Content uploaded by Stephen Senn

Author content

All content in this area was uploaded by Stephen Senn

Content may be subject to copyright.

1

*Published as: Senn, S. J. (2003). "Bayesian, likelihood and frequentist

approaches to statistics." Applied Clinical Trials 12(8): 35-38.

Bayesian, Likelihood and Frequentist Approaches to Statistics*

Stephen Senn

Dawn of a Bayesian era?

The Italian mathematician, actuary and Bayesian, Bruno DeFinetti (1906-1985), once

estimated that it would take until the year 2020 for the Bayesian view of statistics to

completely prevail

1

. Whether or not his prediction comes true, there is no question that

Bayesian statistics is gaining ground. In drug regulation, however, the alternative frequentist

view continues to dominate, although even here, there are areas (for example the regulation

of medical devices) where the Bayesian approach is being applied. Many readers of Applied

Clinical Trials will have heard of Bayesian statistics and some will have wondered what it is. If

DeFinetti is right, those who have not wondered yet may have to reason to do so in future.

This article is an attempt to provide an explanation.

Statistics versus probability

Before explaining the difference between Bayesian and frequentist statistics (and a third

alternative, the likelihood approach, which has some features of both) it is useful to draw

another distinction: that between probabilists and statisticians. Probabilists are

mathematicians and like others of that breed are involved in a formal game. The game they

play is subjunctive, which is to say that it is a matter of if and then: if such and such are true

then such and such follow. 'If the die is fair, then there is one chance in six that I will roll a

one,' is a trivial example of the sort of question probabilists deal in. However, if you ask the

probabilist, 'is the die fair?', you will receive the reply, 'that's not my department'. Enquiry as to

whose department it is, leads to the statistician. The statistician cannot restrict life to

subjunctive matters: statisticians deal not just with if and then but also with whether and what.

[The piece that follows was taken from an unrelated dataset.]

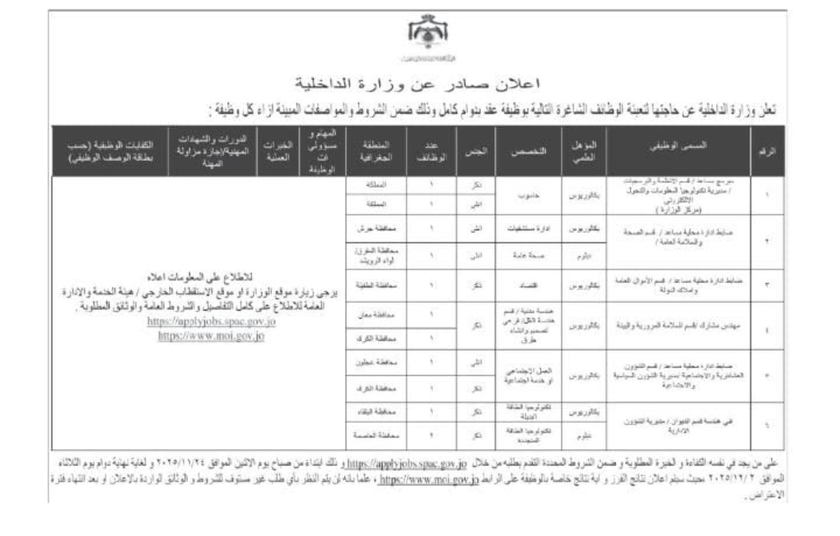 وزارة الداخلية تعلن حاجتها للتعاقد مع أردنيين من حملة البكالوريوس والدبلوم (تفاصيل)

Whether the die is fair or not and if not what exactly the bias is, are the sorts of questions that

statisticians are supposed to try and answer and their answer is supposed to rely on data.

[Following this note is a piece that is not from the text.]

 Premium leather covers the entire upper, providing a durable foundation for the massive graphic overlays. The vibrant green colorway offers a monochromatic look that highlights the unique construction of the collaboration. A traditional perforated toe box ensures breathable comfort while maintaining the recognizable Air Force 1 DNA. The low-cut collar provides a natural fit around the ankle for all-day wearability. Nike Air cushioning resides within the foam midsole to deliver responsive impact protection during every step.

In my book, Dicing with Death

2

, I have described this difference between probability theory

and statistics as the difference between the divine and the human. Probability theory is a

divine theory because it works from known initial conditions to consequences using universal

laws. These initial conditions are declared by the probabilist in a fiat to begin with: 'let there be

theta'. (Theta is a popular choice of symbol to represent a probability.) Thus the probabilist

acts as creator of his or her own universe. Statistics on the other hand is a human science.

The state of nature has been declared and given, but we don't know what it is. All we can do

is observe the consequences and try and divine the mind of The Creator.

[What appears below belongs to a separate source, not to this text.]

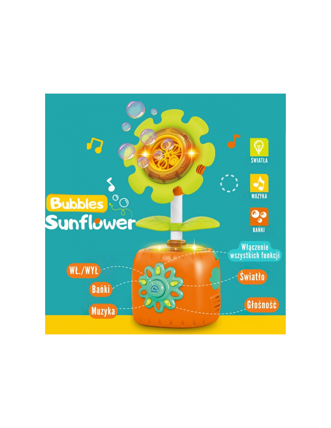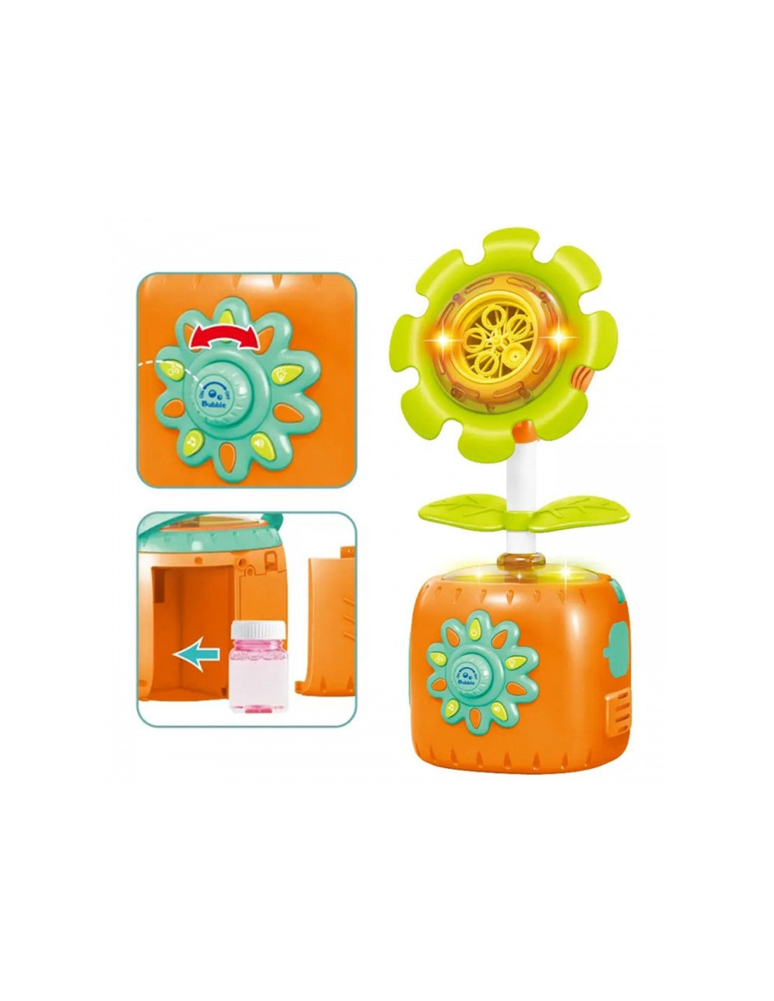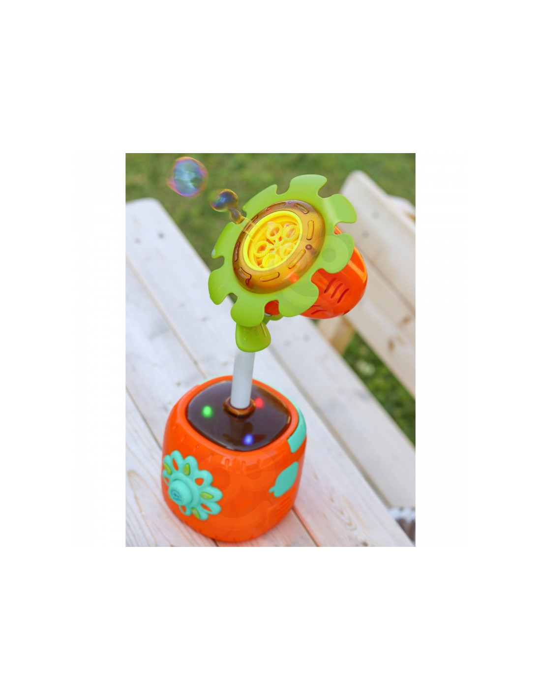 - - Automatinis burbulų gamyba – saulėgrąža pati išskiria daug burbulų, sukurdama magišką atmosferą.

The distinction between probability and statistics is also sometimes made in terms of direct

and inverse probability. A question in direct probability might be, 'In 100 tosses of a fair coin,

what is the probability of having exactly 40 heads?'. A question in inverse probability might be,

'In 100 tosses of a coin, 40 showed heads. What is the probability that the coin is fair?'. The

former question is thus the province of probability theory and the latter the province of

statistics. Now it turns out that the second sort of question is much harder to answer than the

first; in fact, it is so hard that mathematicians, scientist, philosophers and, of course,

probabilists and statisticians also, can't agree how it should be answered. The difficulty can

be illustrated with a simple example.

An example

Suppose that I have two urns each containing four balls: urn A and urn B. I am told that urn A

contains three white balls and one black ball and that urn B contains two black balls and two

white balls. I am informed that an urn has been chosen and that a ball has then been drawn

at random from the urn chosen. The ball is black. What is the probability that it came from urn

A? One simple answer might be as follows. Before the ball was chosen the urns contained

three black balls between them: one ball in urn A and two balls in urn B. If any ball in either of

the urns is equally likely to be chosen, it is twice as likely that the black ball chosen was from

urn B as that it came from urn A. Hence, the probability that it came from A is 1/3.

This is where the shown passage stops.